What the task requires: Look through the listing below for the line with "道路運送車両法施行規則第2条" and the line with "4. Пар клубится". Copy both, along with every line between them, exactly and with no pictures.

Input for this task:
------------------------------

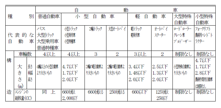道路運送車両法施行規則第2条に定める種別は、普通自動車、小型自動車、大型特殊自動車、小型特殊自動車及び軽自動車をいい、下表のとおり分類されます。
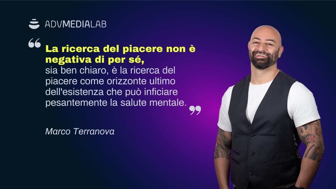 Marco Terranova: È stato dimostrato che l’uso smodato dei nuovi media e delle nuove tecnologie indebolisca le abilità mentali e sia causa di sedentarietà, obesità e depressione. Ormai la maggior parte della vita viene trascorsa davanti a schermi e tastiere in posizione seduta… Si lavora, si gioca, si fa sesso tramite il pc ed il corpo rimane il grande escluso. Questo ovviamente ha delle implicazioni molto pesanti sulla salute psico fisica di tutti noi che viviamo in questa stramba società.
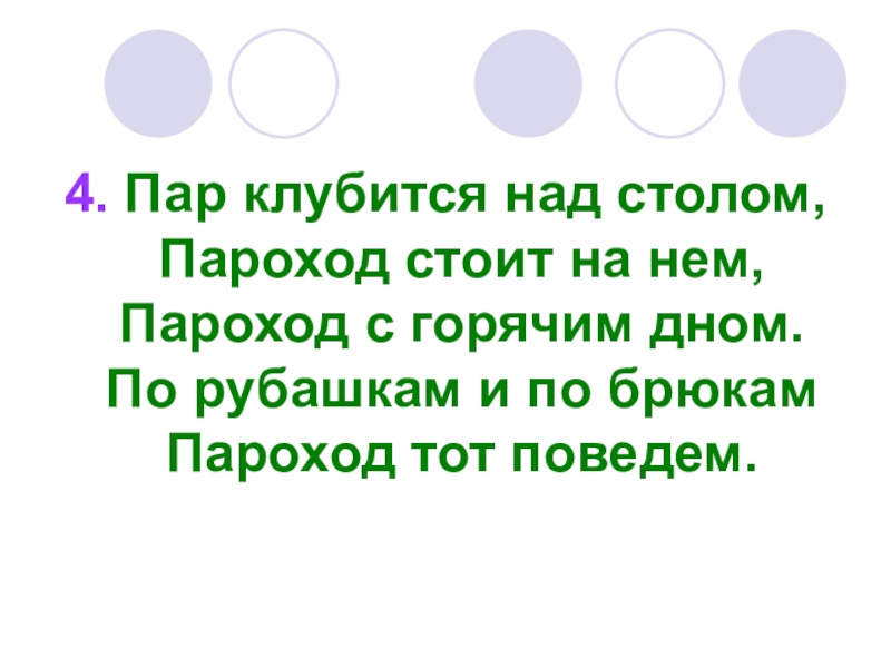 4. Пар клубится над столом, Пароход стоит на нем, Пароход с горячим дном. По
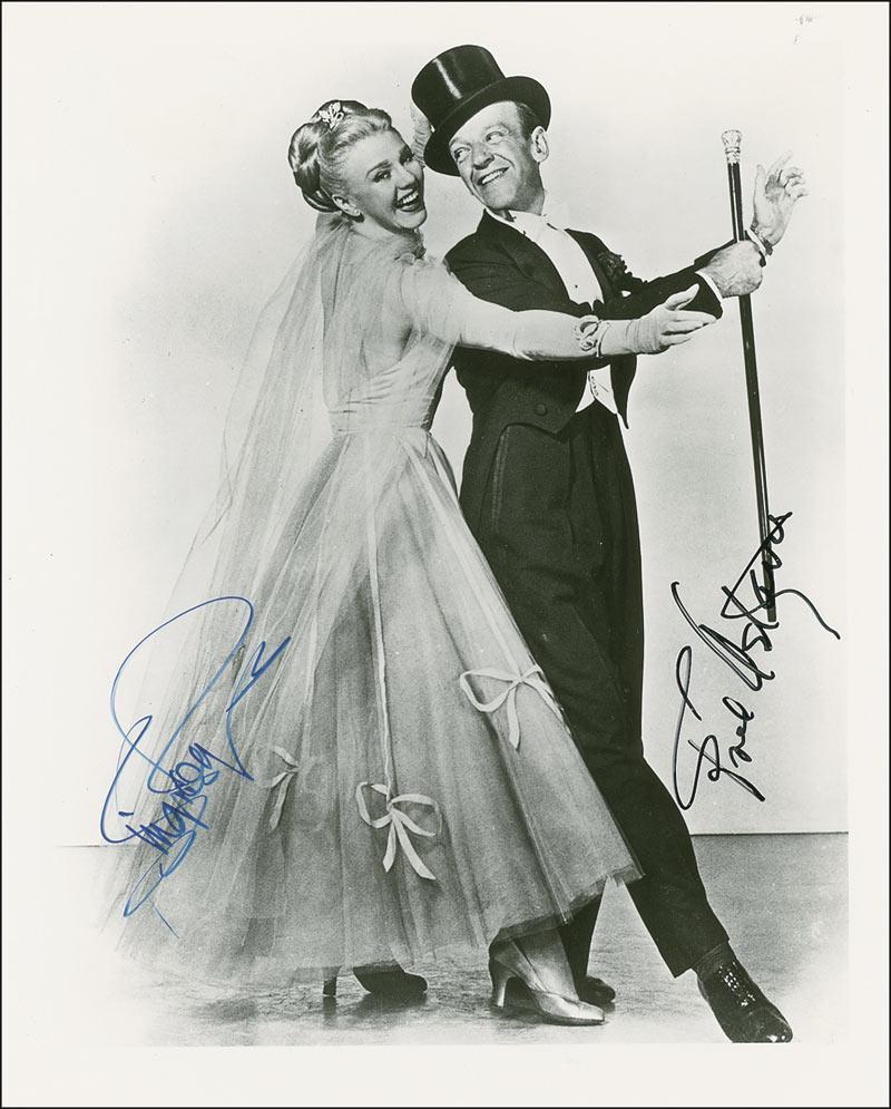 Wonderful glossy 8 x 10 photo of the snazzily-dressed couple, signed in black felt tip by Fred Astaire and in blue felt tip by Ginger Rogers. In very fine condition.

------------------------------

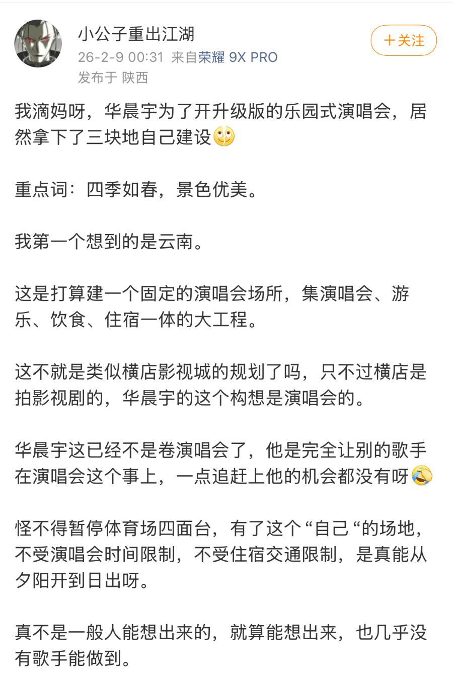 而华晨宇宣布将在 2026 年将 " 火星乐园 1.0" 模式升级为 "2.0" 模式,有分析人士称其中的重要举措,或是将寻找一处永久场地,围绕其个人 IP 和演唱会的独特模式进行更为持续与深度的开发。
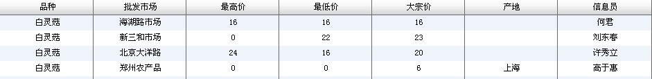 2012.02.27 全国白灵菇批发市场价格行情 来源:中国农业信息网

------------------------------

Answer section:
道路運送車両法施行規則第2条に定める種別は、普通自動車、小型自動車、大型特殊自動車、小型特殊自動車及び軽自動車をいい、下表のとおり分類されます。
 Marco Terranova: È stato dimostrato che l’uso smodato dei nuovi media e delle nuove tecnologie indebolisca le abilità mentali e sia causa di sedentarietà, obesità e depressione. Ormai la maggior parte della vita viene trascorsa davanti a schermi e tastiere in posizione seduta… Si lavora, si gioca, si fa sesso tramite il pc ed il corpo rimane il grande escluso. Questo ovviamente ha delle implicazioni molto pesanti sulla salute psico fisica di tutti noi che viviamo in questa stramba società.
 4. Пар клубится над столом, Пароход стоит на нем, Пароход с горячим дном. По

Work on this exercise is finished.